에러 : MountVolume.SetUp failed for volume "istio-token" : failed to fetch token: the API server does not have TokenRequest endpoints enabled
$ k get pod -A -o wide | egrep -v 'Run|Com|Term'
NAMESPACE NAME READY STATUS RESTARTS AGE IP NODE NOMINATED NODE READINESS GATES
istio-system istio-ingressgateway-85d57dc8bc-dn8g6 0/1 ContainerCreating 0 14h <none> acp-worker01 <none> <none>
istio-system istio-pilot-77bc8867cf-hs6kg 0/2 ContainerCreating 0 14h <none> acp-worker01 <none> <none>
istio-system istio-policy-59d86bdf79-n7v2h 0/2 ContainerCreating 0 14h <none> acp-worker01 <none> <none>
istio-system istio-telemetry-6854d9f564-jgt6m 0/2 ContainerCreating 0 14h <none> acp-worker01 <none> <none>
kubeflow cache-deployer-deployment-6449c7c666-684qh 0/2 Init:0/1 0 15h <none> acp-worker02 <none> <none>
kubeflow cache-server-5f59f9c4b6-p8d9z 0/2 Init:0/1 0 14h <none> acp-worker03 <none> <none>
kubeflow kfserving-controller-manager-0 1/2 CrashLoopBackOff 174 14h 10.244.5.124 acp-worker03 <none> <none>
kubeflow metadata-writer-576f7bc46c-ndf7w 0/2 Init:0/1 0 14h <none> acp-worker01 <none> <none>
kubeflow ml-pipeline-544647c564-x8mcc 0/2 Init:0/1 0 14h <none> acp-worker03 <none> <none>
kubeflow ml-pipeline-persistenceagent-78b594c68-k85pt 0/2 Init:0/1 0 15h <none> acp-worker02 <none> <none>
kubeflow ml-pipeline-scheduledworkflow-566ff4cd4d-78g9j 0/2 Init:0/1 0 14h <none> acp-worker03 <none> <none>
kubeflow ml-pipeline-ui-5499f67d-wlbxc 0/2 Init:0/1 0 14h <none> acp-worker03 <none> <none>
kubeflow ml-pipeline-viewer-crd-bdbb7d7d6-6vwp9 0/2 Init:0/1 0 14h <none> acp-worker03 <none> <none>
kubeflow ml-pipeline-visualizationserver-769546b47b-4gw4x 0/2 Init:0/1 0 15h <none> acp-worker02 <none> <none>
kubeflow mysql-864f9c758b-chtvw 0/2 Init:0/1 0 14h <none> acp-worker01 <none> <none>
$ k describe pod istio-ingressgateway-85d57dc8bc-dn8g6 -n istio-system
...
Volumes:
istio-token:
Type: Projected (a volume that contains injected data from multiple sources)
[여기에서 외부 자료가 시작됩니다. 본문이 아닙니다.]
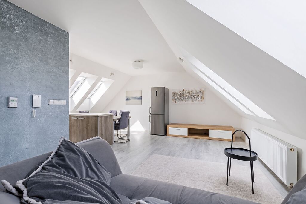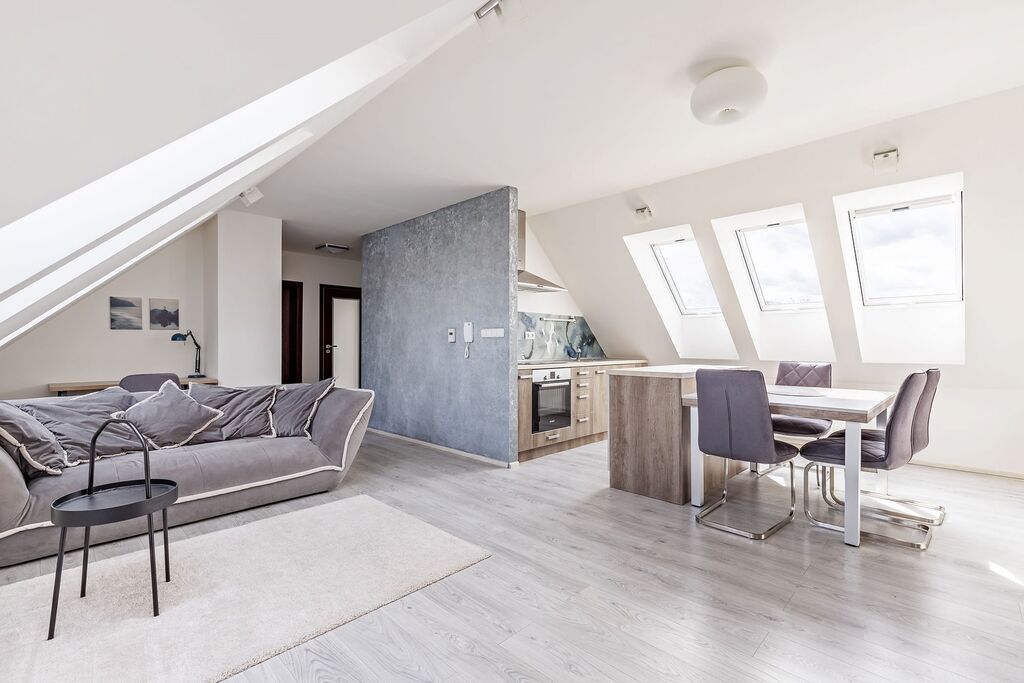 Hlavní obytný prostor je tvořen prostorným obývacím pokojem s kuchyní, který je vizuálně oddělen od jídelní části, vybavení tvoří vestavěné spotřebiče - trouba, indukční varná deska, lednice. Pracovní kout je chytře schován v rohu místnosti. Další místnost tvoří ložnice s orientací do zahrady - vnitrobloku.

TokenExpirationSeconds: 43200
...
Events:
Type Reason Age From Message
---- ------ ---- ---- -------
Warning FailedMount 28m (x58 over 15h) kubelet Unable to attach or mount volumes: unmounted volumes=[istio-token], unattached volumes=[ingressgateway-ca-certs istio-ingressgateway-service-account-token-5bhjb sdsudspath istio-token istio-certs ingressgateway-certs]: timed out waiting for the condition
Warning FailedMount 23m (x62 over 15h) kubelet Unable to attach or mount volumes: unmounted volumes=[istio-token], unattached volumes=[istio-token istio-certs ingressgateway-certs ingressgateway-ca-certs istio-ingressgateway-service-account-token-5bhjb sdsudspath]: timed out waiting for the condition
Warning FailedMount 13m (x463 over 15h) kubelet MountVolume.SetUp failed for volume "istio-token" : failed to fetch token: the API server does not have TokenRequest endpoints enabled
Warning FailedMount 7m41s (x59 over 15h) kubelet Unable to attach or mount volumes: unmounted volumes=[istio-token], unattached volumes=[istio-ingressgateway-service-account-token-5bhjb sdsudspath istio-token istio-certs ingressgateway-certs ingressgateway-ca-certs]: timed out waiting for the condition
Warning FailedMount 3m11s (x96 over 15h) kubelet Unable to attach or mount volumes: unmounted volumes=[istio-token], unattached volumes=[sdsudspath istio-token istio-certs ingressgateway-certs ingressgateway-ca-certs istio-ingressgateway-service-account-token-5bhjb]: timed out waiting for the condition
acp@acp-master01:~$
- istio-token은 Kubernetes API를 호출할 때 자격 증명을 위해 사용하는 토큰이다.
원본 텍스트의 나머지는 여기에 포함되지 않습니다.